--- ACTION ITEM ---
Write out the data again exactly, skipping every picture.

--- DATA BLOCK ---
:::

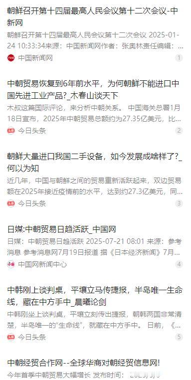 中朝贸易爆发式增长25%,月月创新高!医疗、制造大单助力朝鲜民生,中国合作新高度曝光 麻烦看官老爷们右上角点击一下“关注”,既方便您进行讨论和分享,又能给您带来不一样的参与感,感谢您的支持! 2025 年中朝双边贸易交出了亮眼成绩单,海关总署公布的权威数据显示,全年贸易总额达到 27.35 亿美元,较上一年实现 25% 的大幅增长,更实现了每月贸易额同比正增长的佳绩,这也标志着中朝两国的经济互动正式迈入稳定且持续的全新发展阶段。 中国始终是朝鲜最大的贸易伙伴,2025 年双方的贸易往来紧扣朝鲜民生改善和工业发展的核心需求。中国对朝出口品类中,医疗设备成为重要增长点,X 光机、CT 机等各类诊疗设备的出口,为朝鲜各地医院的运营提供了关键硬件支撑,制药产品也同步跟进,填补了当地医药市场的部分缺口。 除了医疗相关物资,制造类机械也持续输往朝鲜,其中既有适配轻工业生产的机床设备,也有助力农业生产的农用机械,还有不少基础建筑机械,这些设备虽有部分为中国更新换代后的二手产品,却以高性价比缓解了朝鲜工业设备老化、生产能力不足的难题,切实推动其工业化现代化进程。 从贸易结构来看,2025 年中国对朝出口并非只有医疗和制造相关物资,纺织品、建材、食品粮油等也是出口主力,塑料制品、家具等商品的出口量也随朝鲜新建房屋、工厂的需求同步攀升。而朝鲜对中国的出口则以劳动密集型加工品为主,假发、假睫毛等美容产品成为其创汇的重要品类。 2025 年中朝两国的合作早已突破单纯的贸易范畴,在双方的共同推动下,合作领域不断向教育、基础设施建设等方向拓展。教育领域的交流为朝鲜培养了一批实用型人才,基础设施方面的合作则围绕边境交通、国内基础建设展开,为朝鲜经济发展筑牢基础,相关合作也让两国的经济联结更为紧密。 值得关注的是,2025 年中朝跨境物流的恢复也为贸易增长提供了坚实保障,丹东 — 新义州的边境陆运邮路正式复通,让两国间的邮件和小件货物运输更为便捷,北京至平壤的国际旅客列车也被重新纳入时刻表,跨境交通的逐步恢复,为双方的经贸往来和人员交流扫清了不少障碍。 中朝贸易在 2025 年能实现爆发式增长,并非偶然,而是政策驱动与市场需求双向支撑的结果。两国政府层面的积极协调,让边境贸易的通关效率不断提升,贸易政策也持续优化,而朝鲜国内在民生改善、基础设施建设上的实际需求,与中国完备的制造业供给能力形成了高度互补,让双方的贸易合作有了扎实的市场基础。 这一增长态势也从侧面反映出朝鲜内部的经济活力正在逐步回升,2023 年朝鲜 GDP 实现四年来首次正增长后,其经济发展的步伐在 2025 年持续加快,国内的生产建设需求不断释放,也让中朝贸易有了更多的增长空间,各类贸易订单的落地,又进一步带动了朝鲜当地的生产和消费。 中朝贸易的稳定增长,更凸显了两国经济合作的深度融合与互利共赢的本质。中国的各类商品和设备出口,既消化了国内的部分产能,也助力了邻邦的发展,而朝鲜对中国的特色产品出口,也丰富了中国市场的品类,双方各取所需,让经贸合作成为两国关系发展的重要纽带。 作为东北亚地区的重要国家,中朝两国的经贸合作深化,也为区域经济稳定注入了新动力。2025 年 27.35 亿美元的贸易总额,虽仅恢复至 2017 年安理会相关决议前的一半水平,却已是朝鲜闭关前 2020 年的贸易规模,展现出强劲的复苏势头,也为东北亚地区的互联互通提供了鲜活的合作范本。 当前中朝的经贸合作虽成果显著,但仍面临着一些外部制约,联合国安理会的相关制裁决议,让工业和建筑领域的部分高端设备出口仍受限制,这也让两国的贸易合作暂时难以向更高端的高新技术领域全面拓展,朝鲜经济发展也仍存在结构性瓶颈,工业体系的完善仍需要长期的积累。 即便如此,2025 年中朝贸易的增长依旧意义重大,这不仅是两国战略伙伴关系持续深化的直接体现,更让双方看到了未来合作的广阔空间。随着朝鲜经济的逐步复苏,其对中国商品和设备的需求还将持续扩大,而中国也将继续依托自身优势,与朝鲜开展更多元、更深入的经济合作。 未来中朝两国的经贸往来,大概率会继续保持稳步增长的态势,双方或将在现有合作基础上,进一步优化贸易结构,挖掘新的合作增长点,让贸易合作与产业合作、基础设施合作深度结合。相信在双方的共同努力下,中朝经济合作将不断迈上新高度,也将为东北亚地区的经济发展带来更多积极影响。
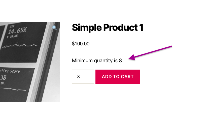 • The display_min_quantity_notice function is hooked to the woocommerce_before_single_product action, ensuring it runs on the single product page.
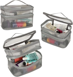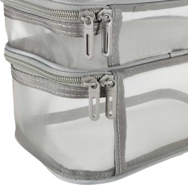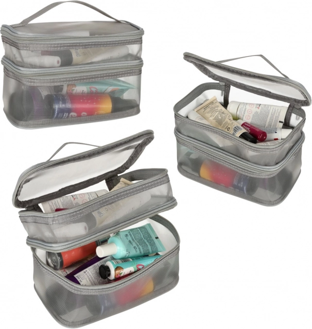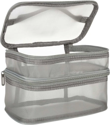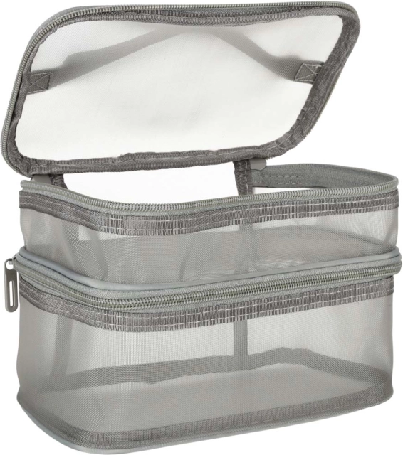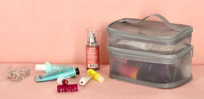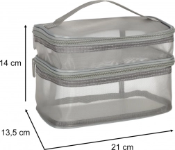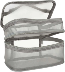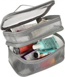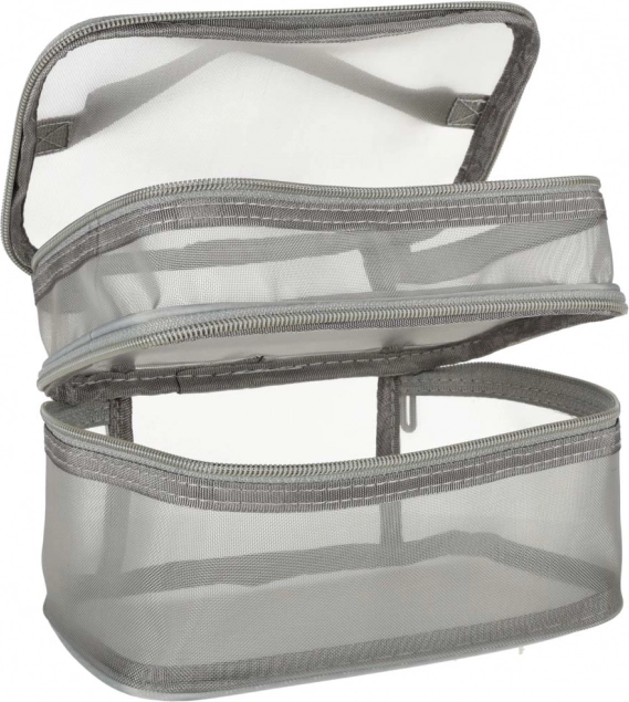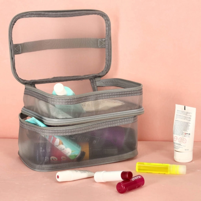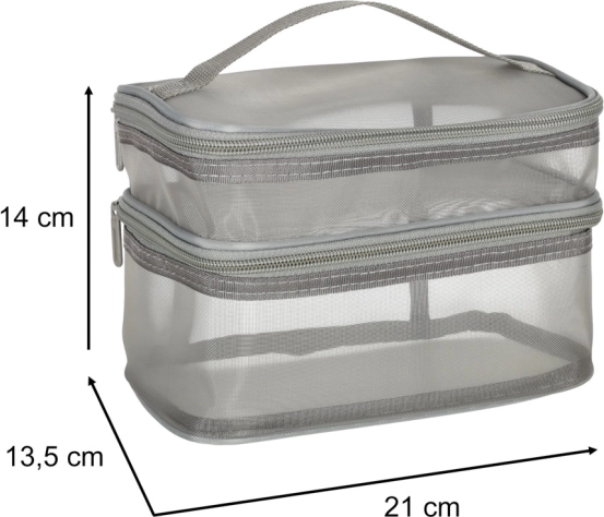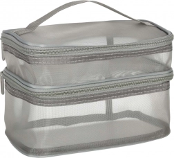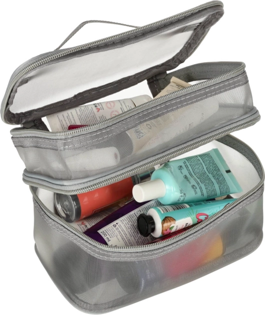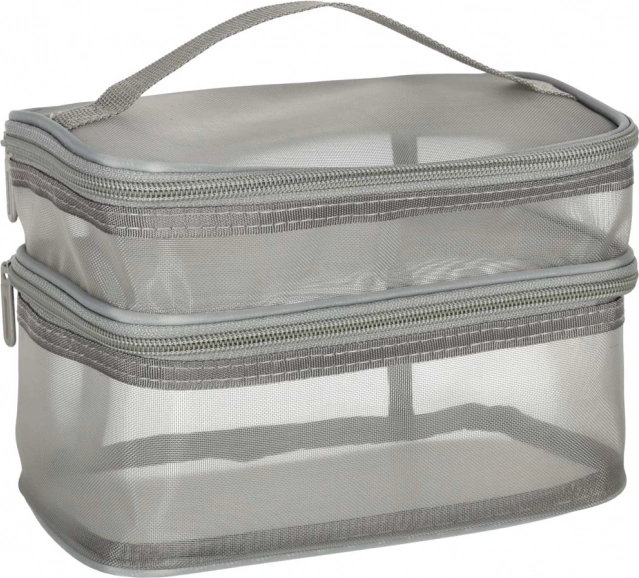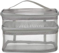 Ez a praktikus kozmetikai táska nélkülözhetetlen kiegészítő minden utazáshoz. Kétrekeszes kialakítása megkönnyíti a kozmetikumok és más személyes tárgyak rendszerezését. Hálós anyagból készült, amely megkönnyíti az elhelyezett termékek megtalálását.

:::

--- WRITTEN ANSWER ---
 中朝贸易爆发式增长25%,月月创新高!医疗、制造大单助力朝鲜民生,中国合作新高度曝光 麻烦看官老爷们右上角点击一下“关注”,既方便您进行讨论和分享,又能给您带来不一样的参与感,感谢您的支持! 2025 年中朝双边贸易交出了亮眼成绩单,海关总署公布的权威数据显示,全年贸易总额达到 27.35 亿美元,较上一年实现 25% 的大幅增长,更实现了每月贸易额同比正增长的佳绩,这也标志着中朝两国的经济互动正式迈入稳定且持续的全新发展阶段。 中国始终是朝鲜最大的贸易伙伴,2025 年双方的贸易往来紧扣朝鲜民生改善和工业发展的核心需求。中国对朝出口品类中,医疗设备成为重要增长点,X 光机、CT 机等各类诊疗设备的出口,为朝鲜各地医院的运营提供了关键硬件支撑,制药产品也同步跟进,填补了当地医药市场的部分缺口。 除了医疗相关物资,制造类机械也持续输往朝鲜,其中既有适配轻工业生产的机床设备,也有助力农业生产的农用机械,还有不少基础建筑机械,这些设备虽有部分为中国更新换代后的二手产品,却以高性价比缓解了朝鲜工业设备老化、生产能力不足的难题,切实推动其工业化现代化进程。 从贸易结构来看,2025 年中国对朝出口并非只有医疗和制造相关物资,纺织品、建材、食品粮油等也是出口主力,塑料制品、家具等商品的出口量也随朝鲜新建房屋、工厂的需求同步攀升。而朝鲜对中国的出口则以劳动密集型加工品为主,假发、假睫毛等美容产品成为其创汇的重要品类。 2025 年中朝两国的合作早已突破单纯的贸易范畴,在双方的共同推动下,合作领域不断向教育、基础设施建设等方向拓展。教育领域的交流为朝鲜培养了一批实用型人才,基础设施方面的合作则围绕边境交通、国内基础建设展开,为朝鲜经济发展筑牢基础,相关合作也让两国的经济联结更为紧密。 值得关注的是,2025 年中朝跨境物流的恢复也为贸易增长提供了坚实保障,丹东 — 新义州的边境陆运邮路正式复通,让两国间的邮件和小件货物运输更为便捷,北京至平壤的国际旅客列车也被重新纳入时刻表,跨境交通的逐步恢复,为双方的经贸往来和人员交流扫清了不少障碍。 中朝贸易在 2025 年能实现爆发式增长,并非偶然,而是政策驱动与市场需求双向支撑的结果。两国政府层面的积极协调,让边境贸易的通关效率不断提升,贸易政策也持续优化,而朝鲜国内在民生改善、基础设施建设上的实际需求,与中国完备的制造业供给能力形成了高度互补,让双方的贸易合作有了扎实的市场基础。 这一增长态势也从侧面反映出朝鲜内部的经济活力正在逐步回升,2023 年朝鲜 GDP 实现四年来首次正增长后,其经济发展的步伐在 2025 年持续加快,国内的生产建设需求不断释放,也让中朝贸易有了更多的增长空间,各类贸易订单的落地,又进一步带动了朝鲜当地的生产和消费。 中朝贸易的稳定增长,更凸显了两国经济合作的深度融合与互利共赢的本质。中国的各类商品和设备出口,既消化了国内的部分产能,也助力了邻邦的发展,而朝鲜对中国的特色产品出口,也丰富了中国市场的品类,双方各取所需,让经贸合作成为两国关系发展的重要纽带。 作为东北亚地区的重要国家,中朝两国的经贸合作深化,也为区域经济稳定注入了新动力。2025 年 27.35 亿美元的贸易总额,虽仅恢复至 2017 年安理会相关决议前的一半水平,却已是朝鲜闭关前 2020 年的贸易规模,展现出强劲的复苏势头,也为东北亚地区的互联互通提供了鲜活的合作范本。 当前中朝的经贸合作虽成果显著,但仍面临着一些外部制约,联合国安理会的相关制裁决议,让工业和建筑领域的部分高端设备出口仍受限制,这也让两国的贸易合作暂时难以向更高端的高新技术领域全面拓展,朝鲜经济发展也仍存在结构性瓶颈,工业体系的完善仍需要长期的积累。 即便如此,2025 年中朝贸易的增长依旧意义重大,这不仅是两国战略伙伴关系持续深化的直接体现,更让双方看到了未来合作的广阔空间。随着朝鲜经济的逐步复苏,其对中国商品和设备的需求还将持续扩大,而中国也将继续依托自身优势,与朝鲜开展更多元、更深入的经济合作。 未来中朝两国的经贸往来,大概率会继续保持稳步增长的态势,双方或将在现有合作基础上,进一步优化贸易结构,挖掘新的合作增长点,让贸易合作与产业合作、基础设施合作深度结合。相信在双方的共同努力下,中朝经济合作将不断迈上新高度,也将为东北亚地区的经济发展带来更多积极影响。
 • The display_min_quantity_notice function is hooked to the woocommerce_before_single_product action, ensuring it runs on the single product page.
 Ez a praktikus kozmetikai táska nélkülözhetetlen kiegészítő minden utazáshoz. Kétrekeszes kialakítása megkönnyíti a kozmetikumok és más személyes tárgyak rendszerezését. Hálós anyagból készült, amely megkönnyíti az elhelyezett termékek megtalálását.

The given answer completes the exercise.